== Activity ==
Any picture in the material should be left out, while all other lines are copied exactly.
(Beginning of Collected material)
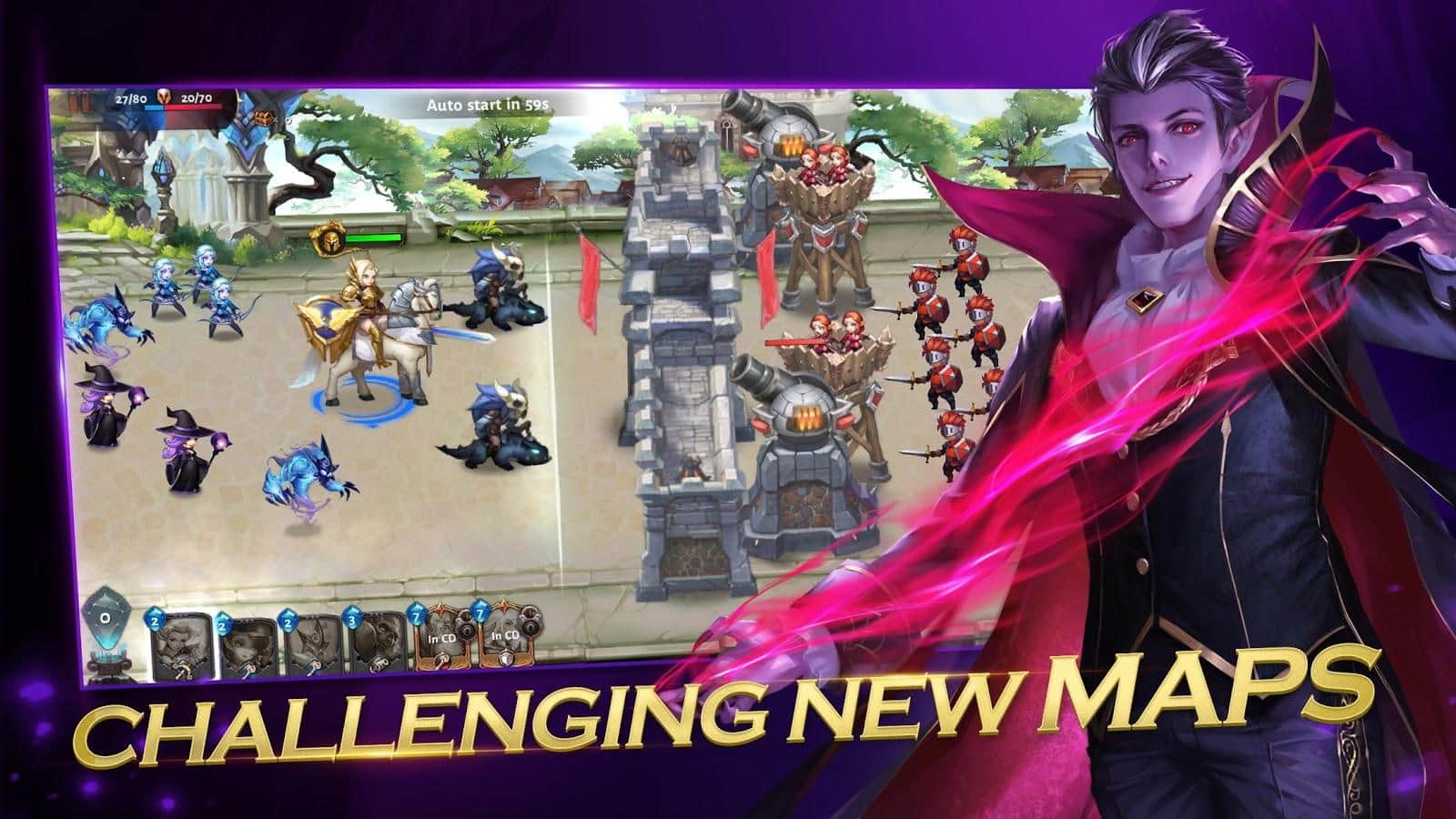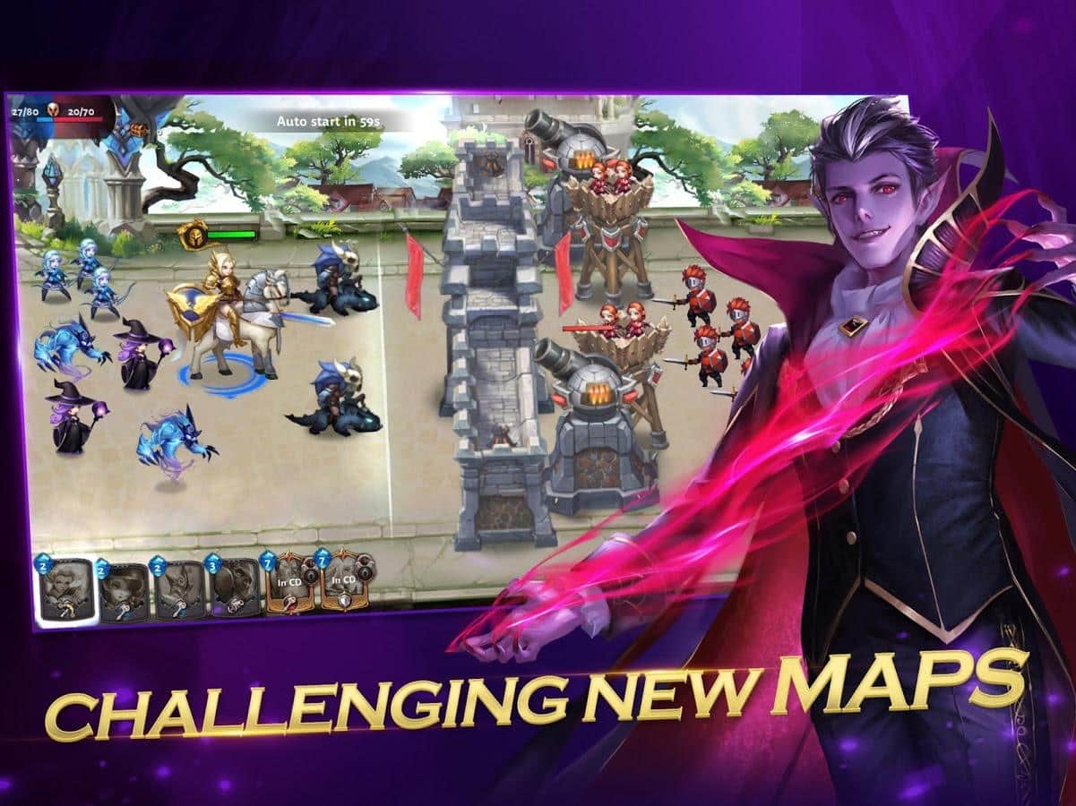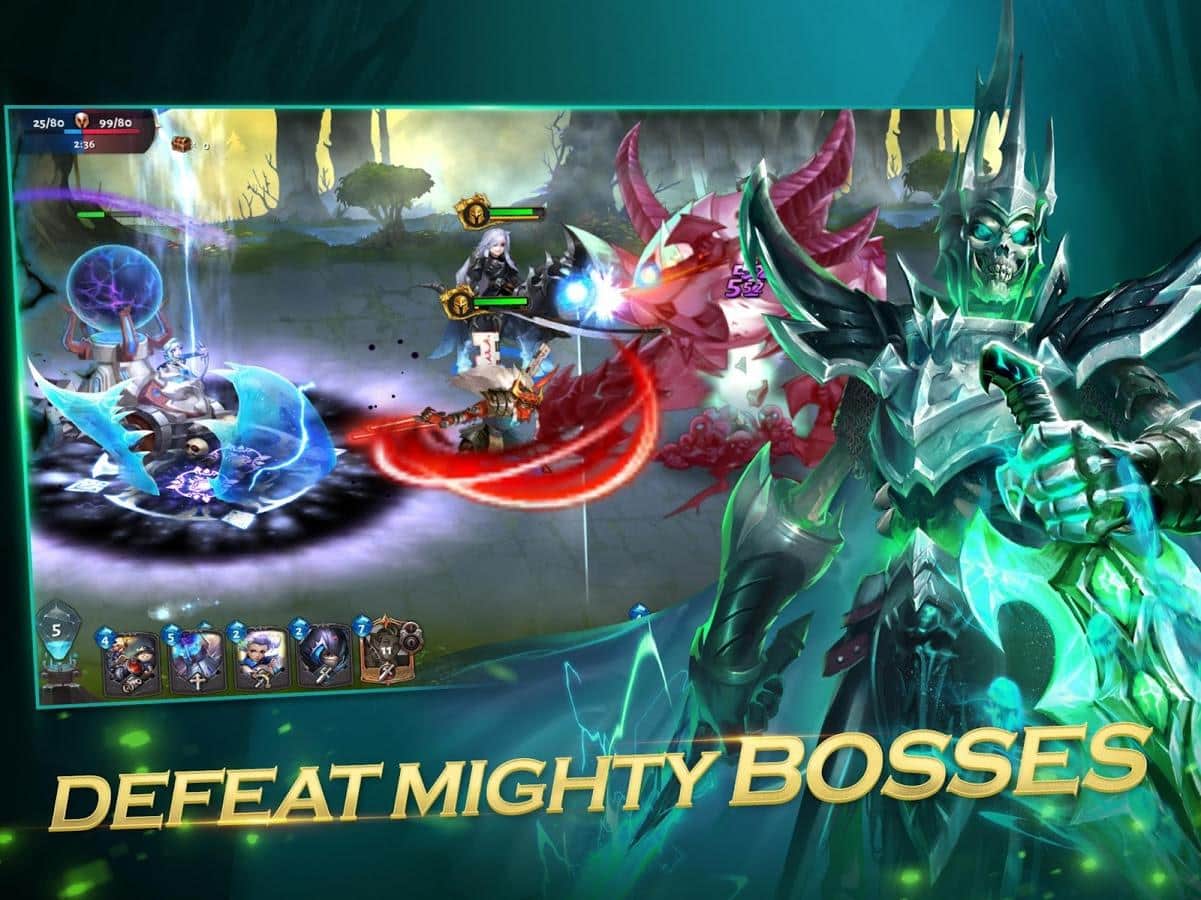 Royal Legends: 1v1 Real-time Strategy Battle Arena - проста і забавна стратегія в якій ви будете боротися з опонентом на іншому кінці карти. Завдання тут дуже проста, все що вам потрібно це знищити базу супротивника і при цьому не втратити свою власну. Що б атакувати ворога використовуйте спеціальних бойових юнітів а так само героїв що послужать відмінним авангардом вашої армії. Однак пам'ятайте що б викликати бойових юнітів потрібно добувати кристали а для цього вам необхідні спеціальні робочі. Максимально збалансуйте свої бойові одиниці або ж використовувати їх у залежності від ситуації.
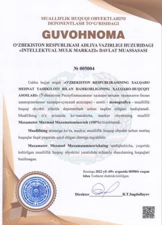 | 5095 | №005004 | Monografiya - "O'ZBEKISTON RESPUBLIKASINING XALQARO MEHNAT TASHKILOTI BILAN HAMKORLIGINING XALQARO-HUQUQIY ASOSLARI" (Ўзбекистон Республикасининг халқаро меҳнат ташкилоти билан ҳамкорлигининг халқаро-ҳуқуқий асослари) | Maxamatov Maxmud Maxamataminovich (100%) | Maxamatov Maxmud Maxamataminovich | 08/09/2022 | ![]() |
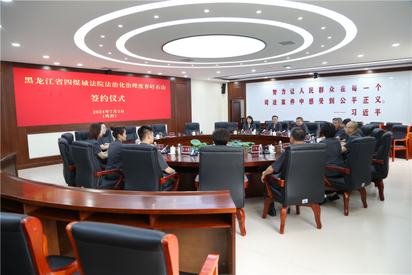 近日,鹤岗市、鸡西市、双鸭山市、七台河市“四煤城”法院在鸡西中院正式签订《法治化治理废弃煤矸石山框架协议》(下称《框架协议》)。“四煤城”法院郑重承诺,将在黑龙江高院指导下进一步加强交流与合作,共同探索废弃煤矸石山治理的有效途径,充分发挥人民法院环资审判能动履职作用,以法治之力守护绿水青山。
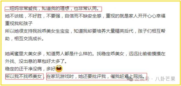徐波说,二妞妈不但温柔贤淑,而且很大度,非常支持他的 " 鸿鹄之志 ",支持他纳妾生娃,帮他打理孩子,跟他的女朋友们也相处融洽。重点是,二妞妈还不谈钱,对他是真爱。
(End of Collected material)
== Exercise response ==
 Royal Legends: 1v1 Real-time Strategy Battle Arena - проста і забавна стратегія в якій ви будете боротися з опонентом на іншому кінці карти. Завдання тут дуже проста, все що вам потрібно це знищити базу супротивника і при цьому не втратити свою власну. Що б атакувати ворога використовуйте спеціальних бойових юнітів а так само героїв що послужать відмінним авангардом вашої армії. Однак пам'ятайте що б викликати бойових юнітів потрібно добувати кристали а для цього вам необхідні спеціальні робочі. Максимально збалансуйте свої бойові одиниці або ж використовувати їх у залежності від ситуації.
 | 5095 | №005004 | Monografiya - "O'ZBEKISTON RESPUBLIKASINING XALQARO MEHNAT TASHKILOTI BILAN HAMKORLIGINING XALQARO-HUQUQIY ASOSLARI" (Ўзбекистон Республикасининг халқаро меҳнат ташкилоти билан ҳамкорлигининг халқаро-ҳуқуқий асослари) | Maxamatov Maxmud Maxamataminovich (100%) | Maxamatov Maxmud Maxamataminovich | 08/09/2022 | ![]() |
 近日,鹤岗市、鸡西市、双鸭山市、七台河市“四煤城”法院在鸡西中院正式签订《法治化治理废弃煤矸石山框架协议》(下称《框架协议》)。“四煤城”法院郑重承诺,将在黑龙江高院指导下进一步加强交流与合作,共同探索废弃煤矸石山治理的有效途径,充分发挥人民法院环资审判能动履职作用,以法治之力守护绿水青山。
徐波说,二妞妈不但温柔贤淑,而且很大度,非常支持他的 " 鸿鹄之志 ",支持他纳妾生娃,帮他打理孩子,跟他的女朋友们也相处融洽。重点是,二妞妈还不谈钱,对他是真爱。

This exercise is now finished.